In deze zaak heeft de Rechtbank Noord-Nederland op 29 november 2021 uitspraak gedaan over een verzoek van een vrouw om vervangende toestemming te verkrijgen voor verhuizing met haar minderjarige kind naar een andere woonplaats en inschrijving op een nieuwe basisschool. De vrouw had eerder voorlopige toestemming gekregen van de voorzieningenrechter, maar de man, de vader van het kind, was het niet eens met de verhuizing en betwistte de noodzaak van de toestemming. De rechtbank heeft vastgesteld dat de vrouw zonder toestemming van de man is verhuisd, maar dat de verhuizing in het belang van het kind is, omdat continuïteit in de opvoeding en schoolgang van groot belang is. De rechtbank heeft de belangen van het kind, de betrokken ouders en de omstandigheden van de verhuizing zorgvuldig afgewogen. De rechtbank concludeert dat het in het belang van het kind is om de vrouw definitieve toestemming te verlenen voor de verhuizing en de inschrijving op de nieuwe school, ondanks de bezwaren van de man.
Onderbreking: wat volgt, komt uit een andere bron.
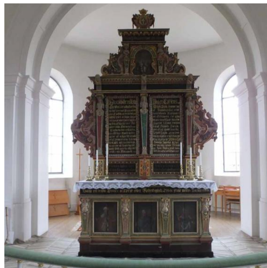
Kyrkorummet sett från orgelläktaren mot öster samt kyrkans altare och altarpopsats från tidigt 1600-tal.

Koret består av långhusets östra del där altarplatsen markeras av altarringen. Altaret och altarpopsatsen står väster om valvöppningen till absiden/sakristian. I sydöstra hörnet är golvet förhöjt med två steg till ett dopkapell där kyrkans medeltida dopfunt står. Ett litet putsat och vitmålat dopaltare med stenskiva står längs södra väggen och i dopkapellet finns också en kopia av Thorvalsens Kristusskulptur. I långhusets nordöstra del står predikstolen och intill norra bänkkvarterets östra gräns en mindre kororgel. Långhusets västra del upptas av en läktare för orgeln med trappuppgångar längs med västra väggen på var sida om mittgången. Läktaren bärs upp av två rader pelare av trä utmed mittgången. Pelarna är gråmålade och har fasade hörn och är profilerade med sockel och kapitäl. Under läktaren finns sedan 1970 inbyggnader för samlingsrum/väntrum och förråd samt wc. Inbyggnaderna är utförda med gråmålad spontad träpanel. Innertaken i inbyggnaderna är av vitmålade brädpanel, väggarna är vitmålade och golvet är lagt med rött murtegel.
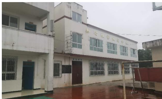
贵州赤水市援建的学生宿舍楼
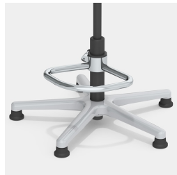
Optional mit Teilfußring
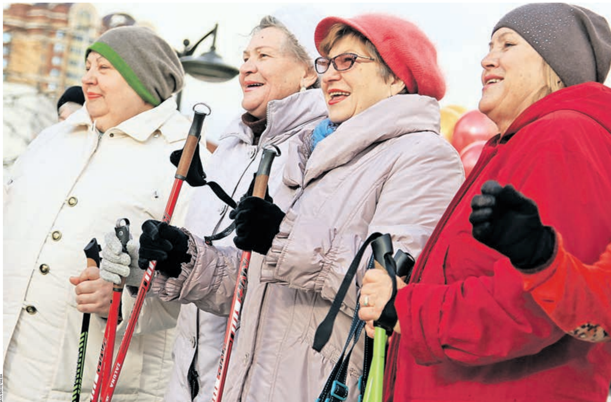
20 октября 14:48 Власти города не только заботятся о поддержке пенсионеров, но и создают все возможности для того, чтобы представители старшего поколения могли интересно и с пользой для себя проводить свободное время. Как, например, участницы клуба скандинавской ходьбы, работающего на базе территориального центра социального обслуживания «Таганский»
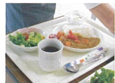
タコさんウインナーをトッピング

8月のメニューはカレーでした。おかわりする子どもたちで大忙し。今回のこども食堂利用者は過去最高の40人でした。
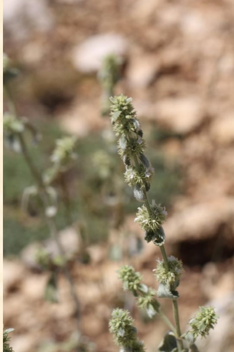
Marrubium parviflorum var. oligodon

Bulunduğu iller: Muş, Erzurum, Gümüşhane, Van.
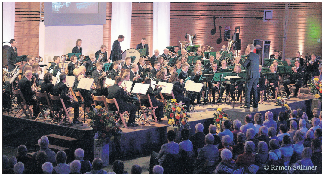
Die Frühjahrskonzerte des Blasorchesters Lensahn stehen im Zeichen der Liebe.

Der Kartenvorverkauf für die Frühjahrskonzerte des Blasorchesters Lensahn hat begonnen. In diesem Jahr steht alles im Zeichen der Liebe - mit „Music was my first love“ hat das bekannte Orchester ein romantisch verspieltes, in Teilen auch nostalgisches Konzertprogramm einstudiert, das sich sehen, beziehungsweise hören lassen kann.
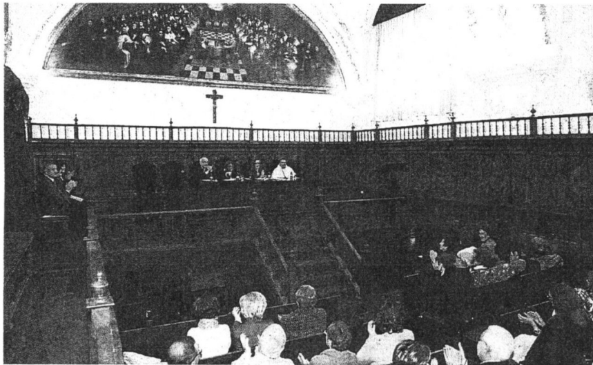
Un reciente acto académico en el Aula Magna de la Upsa, donde hoy comienza el congreso.
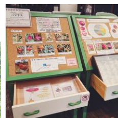
5/28-6/26 展示室は ハマナスづくし

De rechtbank benadrukt dat het belang van het kind voorop staat en dat de huidige situatie, waarin het kind al enige tijd in de nieuwe omgeving verblijft, niet verstoord moet worden.

Uitspraak

RECHTBANK NOORD-NEDERLAND

Afdeling Privaatrecht
Locatie Leeuwarden
zaak-/rekestnummer: C/17/180227 / FA RK 21-952
beschikking van de enkelvoudige kamer d.d. 29 november 2021
inzake
[naam],
wonende te [woonplaats] ,
hierna ook te noemen de vrouw,
advocaat mr. F. Hofstra, kantoorhoudende te Leeuwarden,
tegen
[naam],
wonende te [woonplaats] ,
hierna ook te noemen de man,
in persoon verschenen.

1.Procesverloop

1.1.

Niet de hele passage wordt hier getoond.